• **Problem to work on**
Restate exactly the lines that run from the start of the records below to the line containing "Modernes und einfaches", counting both ends, and nothing else; pictures stay out.
***** Data supplied *****
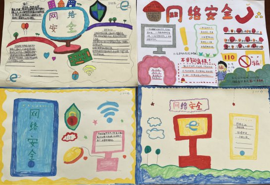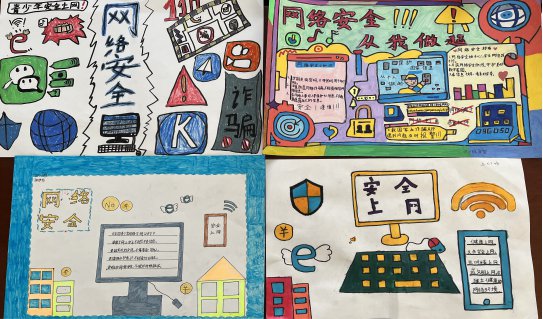 ~ 学校同步开展了网络安全手抄报评比活动,共收到128余份作品。学生们用彩笔精心绘制了“防网络沉迷警示钟”“信息防护盾牌”等富有创意的主题。各班级将这些图文并茂的作品在班级宣传园地展示,学校少先大队则将评选出的优秀作品在校园长廊集中展示,课间时常可见学生们驻足讨论。
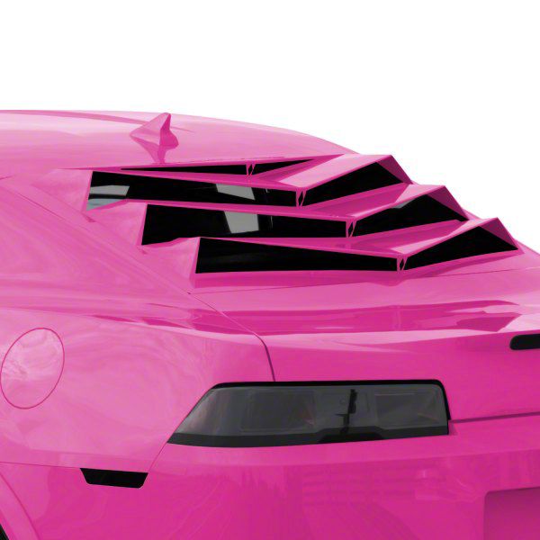 Standout Window Accent. Whether you’ve got a Bakkdraft Rear Window Louvers/Valance installed or you just want to highlight your Camaro’s quarter window, check out the Bakkdraft Quarter Window Louvers in Magenta Man. This pair of quarter window louvers compliments your rear window louvers adding more aggressiveness to your car’s overall look. If you don’t have a rear valance installed, this enhancement will definitely be a standout on your quarter window.
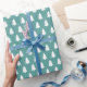 Modernes und einfaches Weihnachtspapier mit weißem Weihnachtsbaummuster auf einem agatgrünen Hintergrund, stilvolles skandinavisches Festpapier für alle Weihnachtsgeschenke. Exklusiv für Sie von Happy Dolphin Studio entworfen!
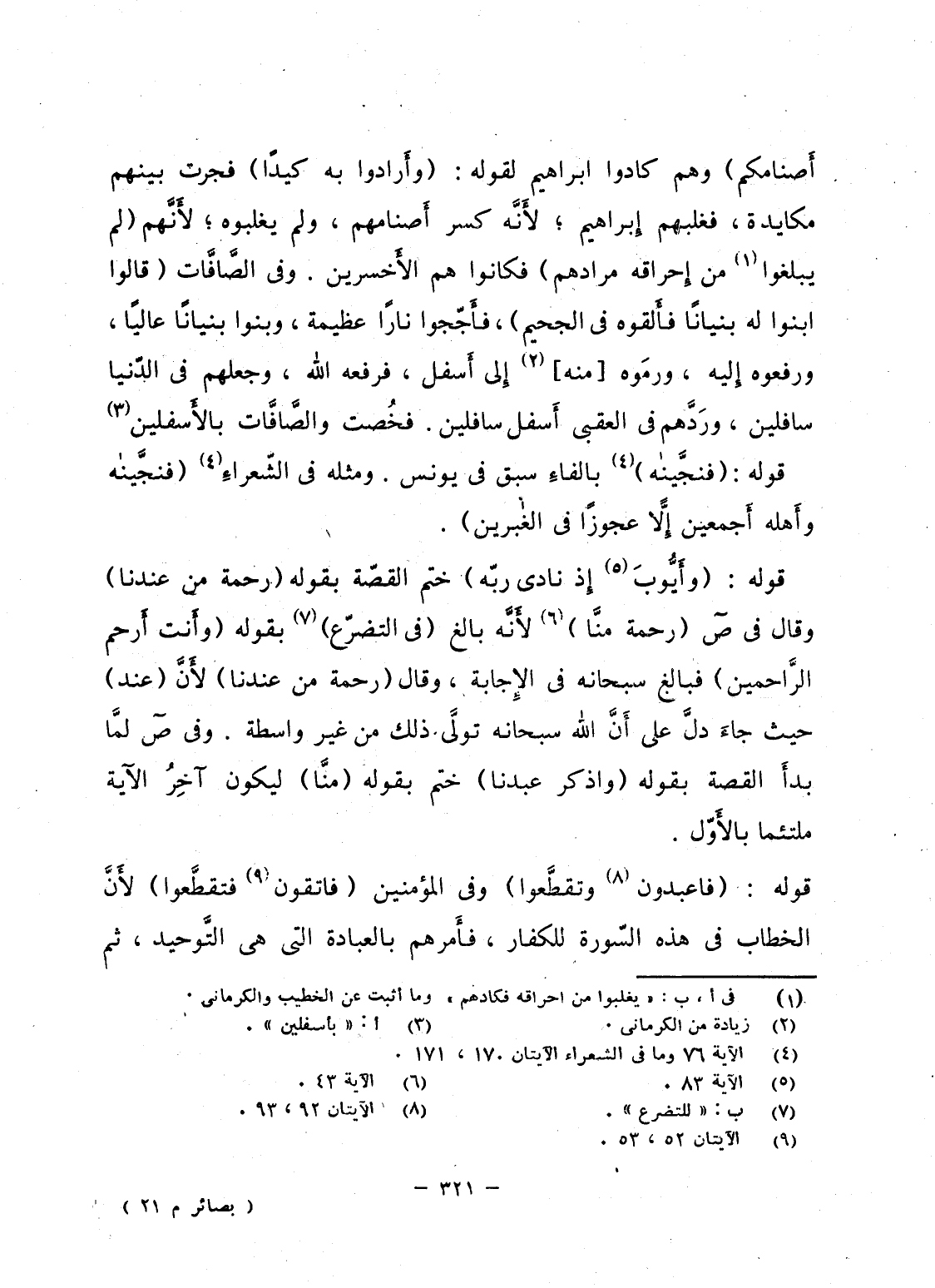 أَصْنَامَكُمْ} وهم كادوا ابراهيم لقوله: {وَأَرَادُواْ بِهِ كَيْداً} فجرت بينهم مكايدة، فغلبهم إِبراهيم؛ لأَنَّه كسر أَصنامهم، ولم يغلبوه؛ لأَنَّهم (لم يبلغوا من إِحراقه مرادهم) فكانوا هم الأَخسرين. وفى الصَّافَّات {قَالُواْ ابنوا لَهُ بُنْيَاناً فَأَلْقُوهُ فِي الجحيم} ، فأَجّجوا ناراً عظيمة، وبنوا بنياناً عالياً، ورفعوه إِليه، ورمَوه [منه] إِلى أَسفل، فرفعه الله، وجعلهم فى الدّنيا سافلين، ورَدَّهم فى العقبى أَسفل سافلين. فخُصت الصَّافَّات بالأَسفلين.
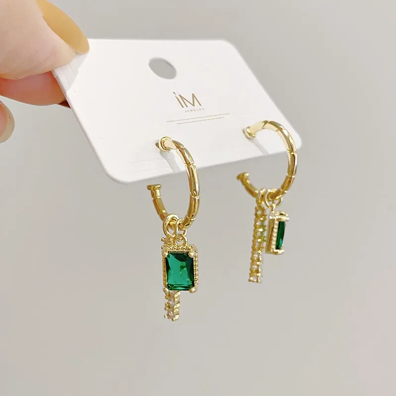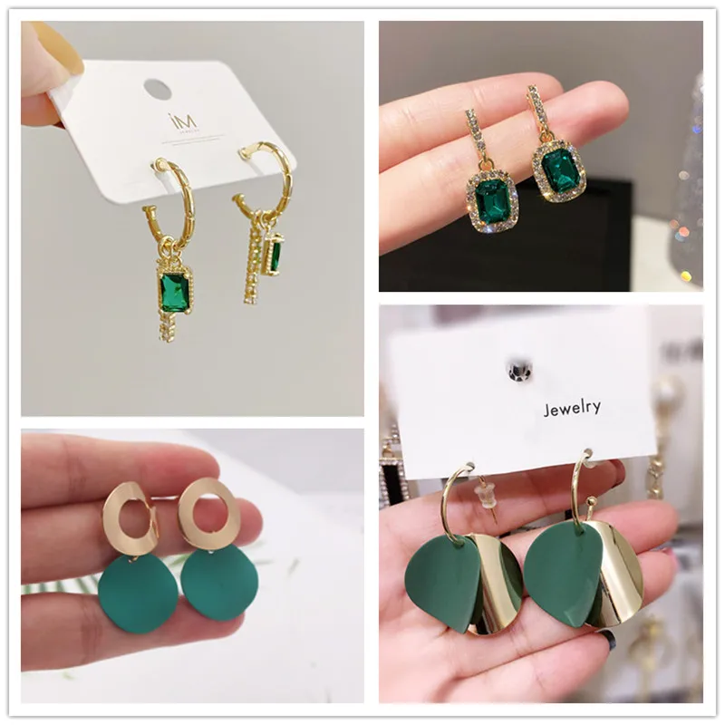 Женские Висячие серьги с кристаллами зеленого цвета, подвески с ими...
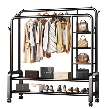 ชั้นวางเสื้อผ้าและชั้นวางรองเท้าแบบเสาคู่ใช้งานได้อเนกประสงค์ใช้ในห้องนั่งเล่นห้องนอนชั้นวางเสื้อผ้าเสื้อโค้ท
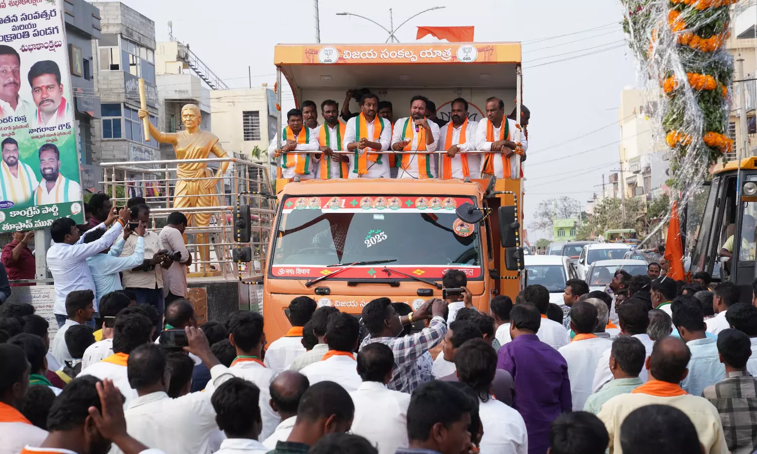 Addressing a road show in Toopran, Medak district, as part of Vijay Sankalp Yatra, Reddy said that people in villages were not ready to accept the Congress government’s dilly-dallying approach in implementing poll promises nor their ‘empty coffers’ pretext.
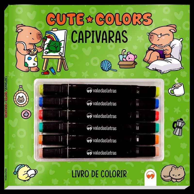 Explore o mundo encantador das capivaras com o Cute Colors – Capivaras:Livro de Colorir com 6 Canetinhas, Ilustrações de Capivaras e Lâmina de Acetato, um livro irresistível para crianças, jovens e adultos que amam momentos criativos e relaxantes. São 64 páginas com 32 ilustrações de capivaras em cenas divertidas, aconchegantes e cheias de charme.
*****
• **Task solution**
 ~ 学校同步开展了网络安全手抄报评比活动,共收到128余份作品。学生们用彩笔精心绘制了“防网络沉迷警示钟”“信息防护盾牌”等富有创意的主题。各班级将这些图文并茂的作品在班级宣传园地展示,学校少先大队则将评选出的优秀作品在校园长廊集中展示,课间时常可见学生们驻足讨论。
 Standout Window Accent. Whether you’ve got a Bakkdraft Rear Window Louvers/Valance installed or you just want to highlight your Camaro’s quarter window, check out the Bakkdraft Quarter Window Louvers in Magenta Man. This pair of quarter window louvers compliments your rear window louvers adding more aggressiveness to your car’s overall look. If you don’t have a rear valance installed, this enhancement will definitely be a standout on your quarter window.
 Modernes und einfaches Weihnachtspapier mit weißem Weihnachtsbaummuster auf einem agatgrünen Hintergrund, stilvolles skandinavisches Festpapier für alle Weihnachtsgeschenke. Exklusiv für Sie von Happy Dolphin Studio entworfen!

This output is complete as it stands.